Indiana-Duke Preview

Program building in college football is a series of steps, and it's no different for Duke and Indiana.

Though each is at a different point in the process, both could use a victory in the Pinstripe Bowl at Yankee Stadium on Saturday as a building block to get to the next step.

For Duke (7-5), a victory would erase some of the sting of a fade after starting the season 6-1 and 3-0 in Atlantic Coast Conference play.

The Blue Devils snapped a four-game losing streak in their regular-season finale by beating Wake Forest 27-21 on Nov. 28, finally getting their defense righted after allowing an average of 42.4 points in the previous five games.

It's the first time in school history Duke will have played in four consecutive bowl games, and the program is out to end a five-bowl losing streak since defeating Arkansas in the 1961 Cotton Bowl.

“Playing in our fourth consecutive bowl game means a great deal to our past, present and future Blue Devils,” said coach David Cutcliffe, who will finish with his third straight winning season. “The senior class is obviously a special one, and I could not be happier for a group of young men that has accomplished what no other class has done…”

“We are thrilled to keep building our program while playing in front of so many Duke University alums and supporters in New York.”

Those supporters, however, won't see the anchor of Duke's defense. ACC Defensive Player of the Year and first-team AP All-American Jeremy Cash will miss this game after undergoing wrist surgery Wednesday. He had a team-high 101 tackles, including 18 for losses that helped the Blue Devils limit opponents to 372.0 yards per game.

Redshirt junior Corbin McCarthy likely will fill Cash's starting spot in the secondary.

The Pinstripe Bowl will also mark the farewell for offensive coordinator Scottie Montgomery after the Blue Devils alum was named East Carolina's head coach Dec. 13.

Montgomery's offense has averaged 30.5 points and wrung out the maximum production from Thomas Sirk, who is one of five quarterbacks among Power 5 conferences to lead his team in passing yards (2,462) and rushing yards (648) this season.
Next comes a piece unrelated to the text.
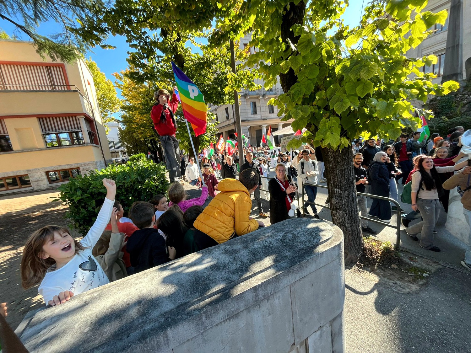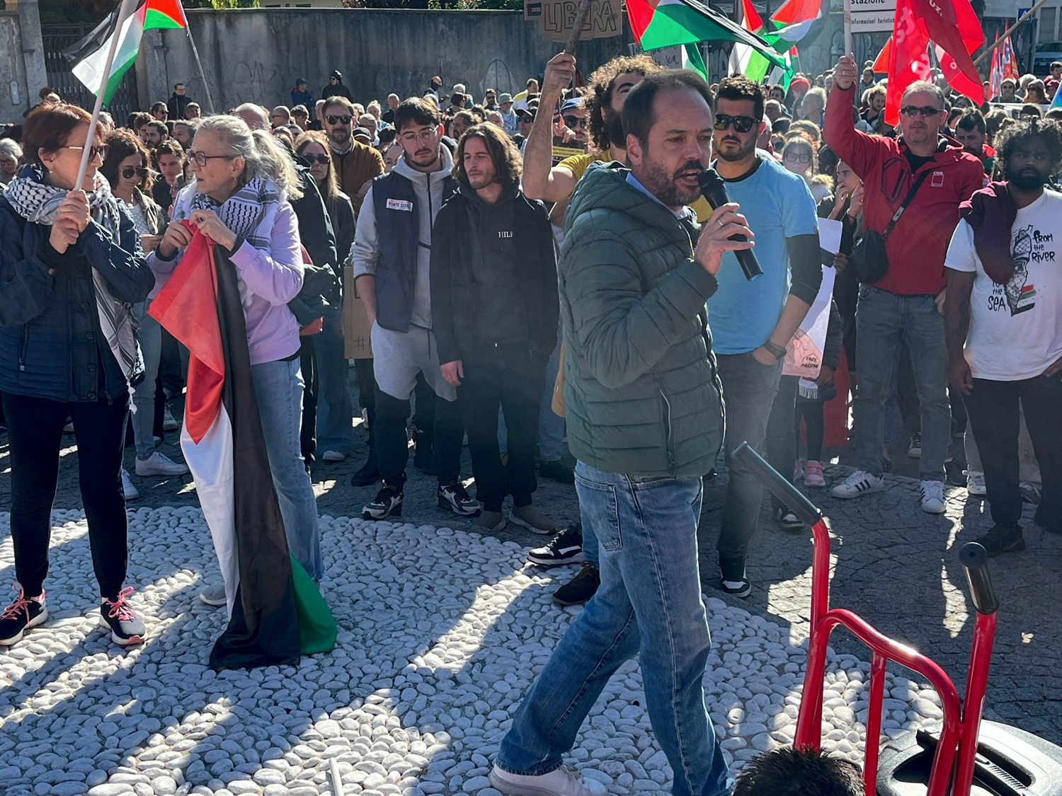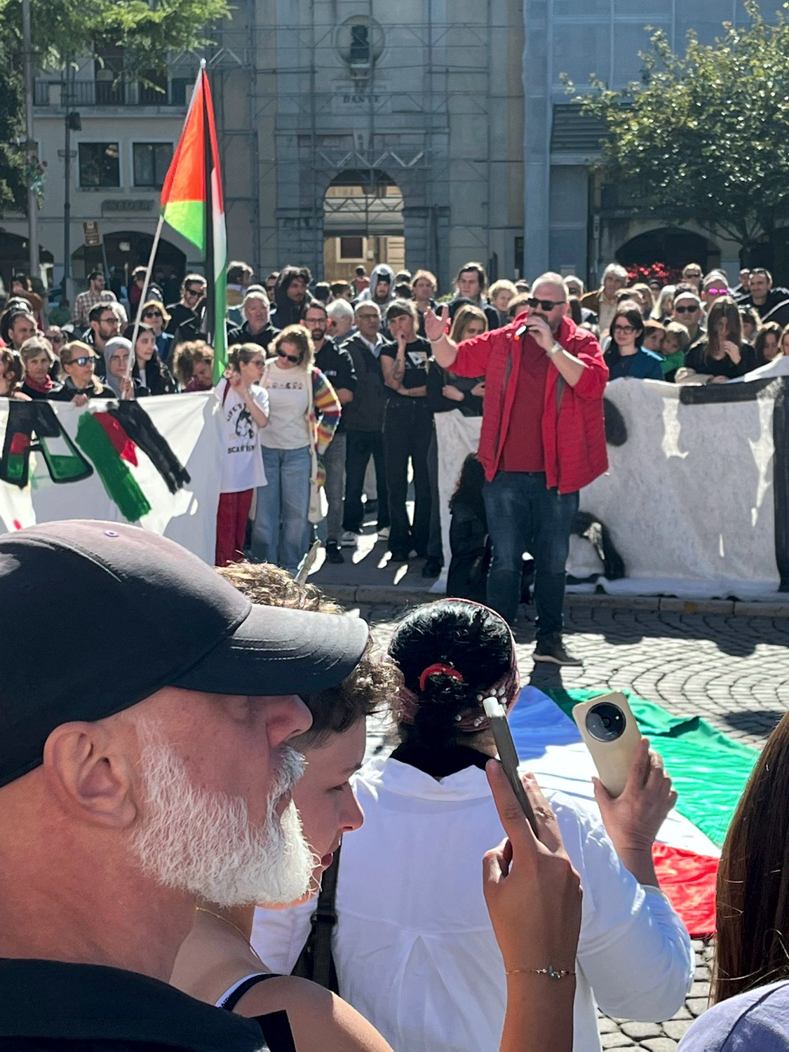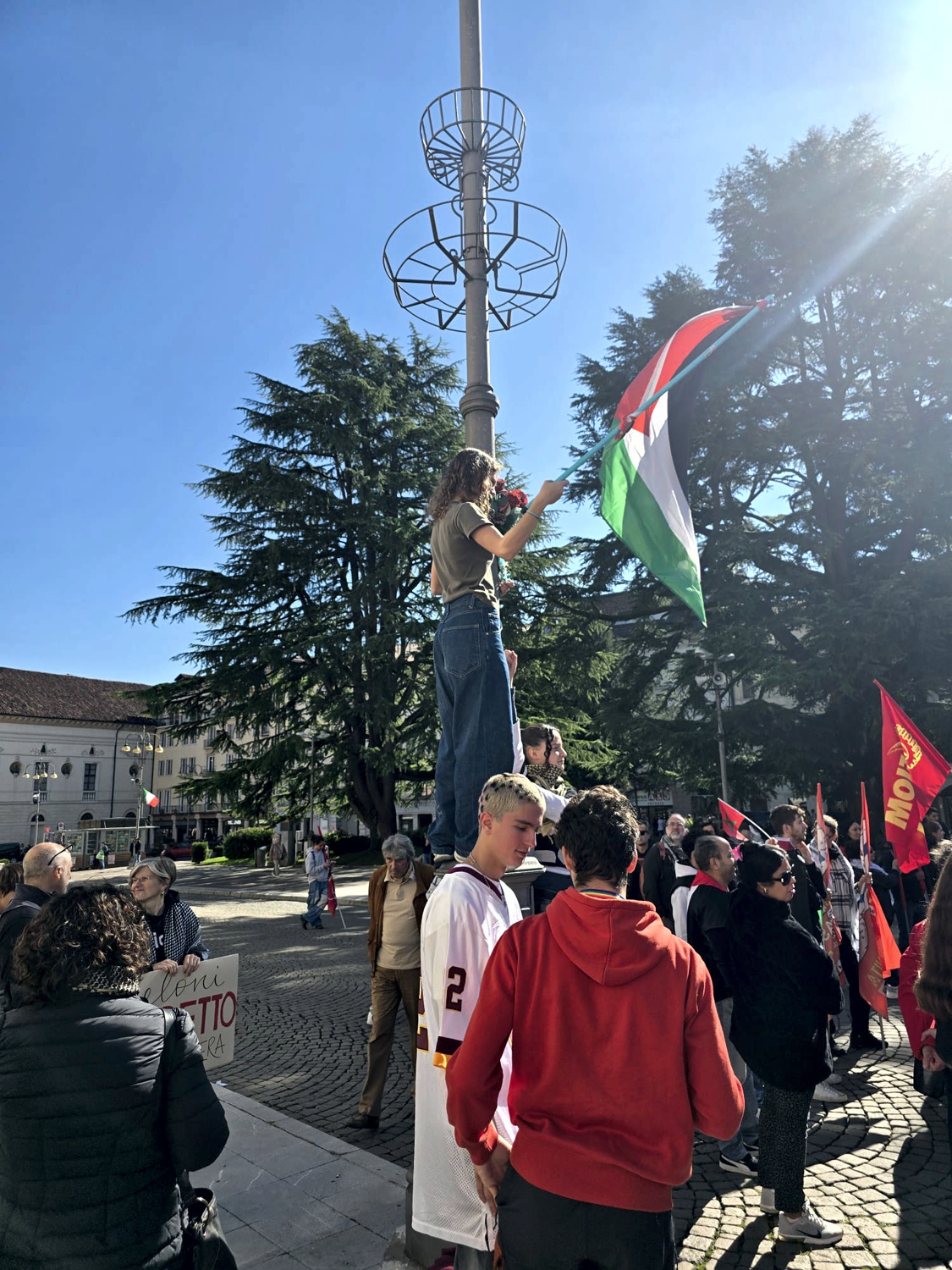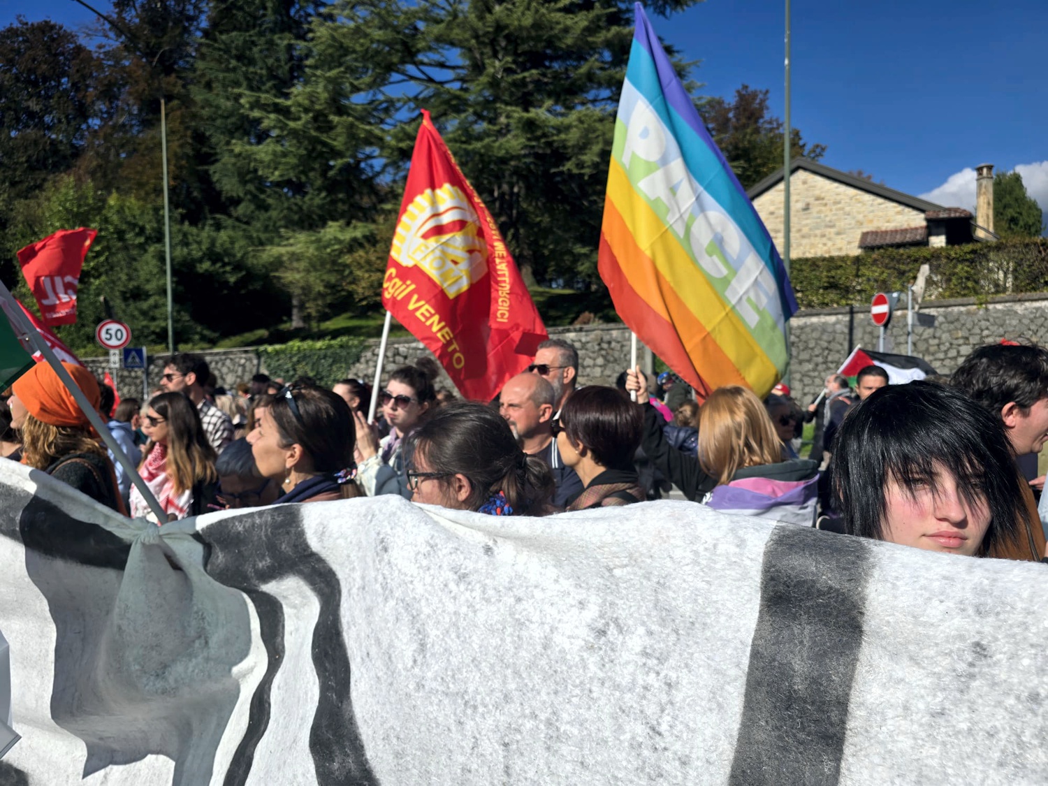A Belluno almeno duemila persone tra studenti, lavoratori e pensionati hanno marciato per chiedere la pace a Gaza. Una marea di persone che ha riempito tutta Piazza dei Martiri. I manifestanti si sono ritrovati stamattina, venerdì 3 ottobre, alla rotonda della Cerva per partecipare allo sciopero generale indetto da Flc– Cgil e S.i. Cobas in segno di protesta contro il blocco della missione umanitaria della Global Sumund Flotilla per Gaza. L'appuntamento era previsto per le 10 ma molti si sono presentati sul posto prestabilito con minuti di anticipo muniti di cartelli di protesta, bandiere palestinesi e fumogeni. Dalla rotonda della Cerva sono partiti cori pro Palestina, canzoni inneggianti la libertà e invettive contro il governo Meloni, contro il ministro Salvini e contro il governo israeliano. Dal punto di ritrovo i manifestanti si sono avviati verso il centro storico attraversando viale Fantuzzi, proseguendo lungo via Girolamo Segato per poi imboccare via Loreto e giungere nel centro cittadino. Una volta giunto in Piazza dei Martiri, il corteo ha percorso metà Liston prima di depositare a terra una bandiera palestinese e una bandiera della pace. I manifestanti si sono chiusi a cerchio impugnando uno striscione che invocava lo stop al genocidio palestinese ed hanno ascoltato le parole di diversi rappresentanti sindacali, politici ed insegnanti. Gli interventi degli interlocutori venivano spesso interrotti da cori e canti che inneggiavano alla libertà per la Palestina. Il tutto è avvenuto in clima sereno e disteso, dove diversi oratori hanno potuto parlare ed esporre le rispettive motivazioni alla base dell'adesione allo sciopero. Rumori, suoni e colori hanno attirato anche tanti curiosi che, seppur inizialmente non avevano partecipato allo sciopero, hanno iniziato a cantare e ascoltare con interesse le motivazioni e i discorsi pro Gaza dei manifestanti.

''When Coach (Kurt) Roper (took the Florida job), we found that out and came back to practice, and it was business as usual,'' center Matt Skura said. ''That's kind of the same thing it's been here. (Montgomery) hasn't mentally moved on. He's probably coaching us harder right now than he ever has, and we're taking it as business as usual. Everyone's locked in. `Coach Mo' wants to win this game just as bad as all of us do, and we've been seeing that in practice.''

Indiana (6-6) has the personnel to match Duke point for point. The Hoosiers reached their first bowl since 2007 in impressive fashion, winning at Maryland and Purdue to become eligible and claiming the Old Oaken Bucket in their finale by racking up season highs in yards (659) and points in a 54-36 win over the Boilermakers on Nov. 28.

The Hoosiers – who lost to ranked Big Ten foes Ohio State, Iowa and Michigan by a combined 22 points – led the conference in total offense at 490.8 yards per game, which was good for 16th among FBS teams. They also were tied for 22nd in scoring average with at 36.2 points and tied for fifth with only 11 turnovers.

Nate Sudfeld had six 300-yard passing games and led Indiana's late-season surge, completing 41 of 64 passes for 755 yards and eight touchdowns without an interception in the wins over Maryland and Purdue.

“I'm very proud. Ultimately, we wanted to get to the postseason,” said Sudfeld, who has thrown for 3,184 yards and 24 touchdowns with only five picks. “We were aware that if we didn't take care of business at the end of the season here, and really throughout the season, that we would never have the opportunity (as seniors).

“Everybody should be able to experience a bowl game.”

Indiana also averages 14.24 yards per completion, good for 12th in the FBS.

Sudfeld could get a huge boost if running back Jordan Howard is healthy enough to play. The first-team all-Big Ten selection had 1,213 yards and nine touchdowns despite playing only eight full games and part of a ninth due to ankle and knee injuries.

As good as Indiana's offense is, though, its defense is at the opposite end of the spectrum. That means Sirk could hit on many home-run plays in “The House That Ruth Built.” The Hoosiers allowed a Big Ten-worst 507.3 yards per game, third-worst among Power 5 schools ahead of only Texas Tech and Kansas.

They're also third-worst among Power 5 programs in scoring defense at 37.1 points allowed per game and last among the 127 FBS teams in pass defense (326.3 ypg).

This game could come down to which defense can get off the field on third down, and Duke has an advantage on both sides. The Blue Devils are 30th offensively, moving the chains 43.9 percent of the time, and the Hoosiers have allowed opponents to convert on 42.9 percent (94th) of those plays.

Indiana is playing just its second bowl game since 1993 and is 3-6 all-time. The Hoosiers' last postseason victory was a 24-0 shutout of Baylor in the 1991 Copper Bowl.